She found her man, I found mine. Both (apparently) don't mind garlicky kisses and God bless 'em for it.
And here, my friends, is a recipe for roasted garlic pizza which totally makes me happy.
Kitchen equipment:
A whisk
A Cuisinart or blender
A pizza stone or pizza pan
Food part:
1 pizza crust of your favorite kind, and nobody will judge you if it's Boboli
30-40 cloves of garlic
2 T olive oil
1 cup milk
2 T butter
1 T flour
1/8 to 1/4 tsp cayenne pepper
salt/pepper to taste
TONS of mozzarella/fontina/parmesan/any white cheese you have around the house that might have survived the midnight forays into cheese snacking
balsamic vinegar to dip every delicious bit in until you realize that you are embodying everything your teenage friend says about wine "It's better when you get older even if it turns into vinegar and arsenic." and realize HE MAY NOT HAVE BEEN REFERENCING WINE.

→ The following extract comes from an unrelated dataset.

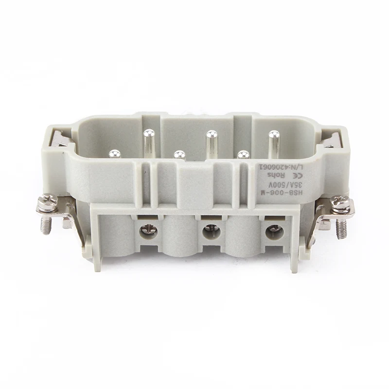 HSB-006-M A HSB nagy teljesítményű csatlakozók 35A áram alatt működnek. .35A 6 tűs betétes nagy igénybevételű csatlakozó 6 tűs vagy dupla 12 tűs a vezetékekkel való érintkezéshez. Különböző munkakörülményekhez kínálja, és népszerű az automata iparban és a gépek vezetékezési típusaiban.
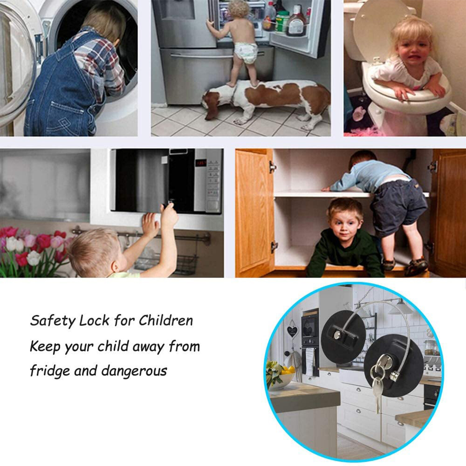 Refrigerator Lock, Fridge Lock with Keys, Freezer Lock and Child Safety Cabinet Locks for Child Proof - Black

(1/2) Preheat oven to 375. If you have a pizza stone and aren't afraid of it, let it preheat in the oven. Otherwise just let the oven preheat and get out the pizza pan. Try not to glare at it for taking up a large portion of the 6 square feet of counter space you have. It's going to do you a favor in just a minute.
(1) Prepare pizza crust and put it on the spacesuck pizza pan and/or pizza stone. (If you really want a homemade one, I do have it. Let me know and I'll help.)
(2) Take garlic cloves that are still in their handy, deity-or-strictly-coincidentally- nature made wrappers and toss 'em with the olive oil. Put them into the center of a square of aluminum foil, put another one over the top, fold each edge into a lovely Scout "hobo dinner" square and toss into a 375 oven until they are easily pierced with a fork (20-30 minutes approximately). Remove and let cool.
(3) Melt butter in saucepan, whisk in flour and salt/pepper, and cayenne. Cook for 1-2 minutes. Add flour and whisk until smooth and thick. Scrape into a Cuisinart (or the cheap blender you have sitting out on your counter if you're not in the mood for cleaning the Cuisinart) and squeeze garlic out of its handy wrapper into the sauce. Don't be afraid. Add 20 or so cloves of garlic. Puree until smooth.
(4) Spread onto pizza crust. Resist the urge to eat as much of it with a spoon as you possibly can.
(5) Remove all of the nasty, inedible outside bits of the remaining roasted garlic and put the roasted garlic on the pizza. You may at this point feel the need to add at least two or three pieces of denuded garlic to a crusty slice of sourdough bread. This is ESSENTIAL to the process, if you're feeling it, and no good will come of denying this need.
(6) Sprinkle with all the white cheese in the house. (I don't recommend the apricot Stilton but any mild cheese should not be discounted.)
(6) Bake until pizza cheese is bubbling and golden brown.
(7) Let it sit for a few minutes. While you may convince your sweetie that garlicky kisses are not to be denied, it is REALLY hard to convince them that someone galloping around a kitchen shrieking "My tongue! My tongue! ARGH, it burns, it BURNS!" is remotely sexy.
(8) After it has reached human consumption temperature of coolness, drizzle with a good balsamic vinegar and devour. Prepare to eat at least three pieces of this, telling yourself all the while that they are small and not commercial-sized pieces, so it's okay.
I love you, roasted garlic pizza. If I weren't making barbacoa pork salads for dinner tomorrow, I would totally have indulged in you Right Now.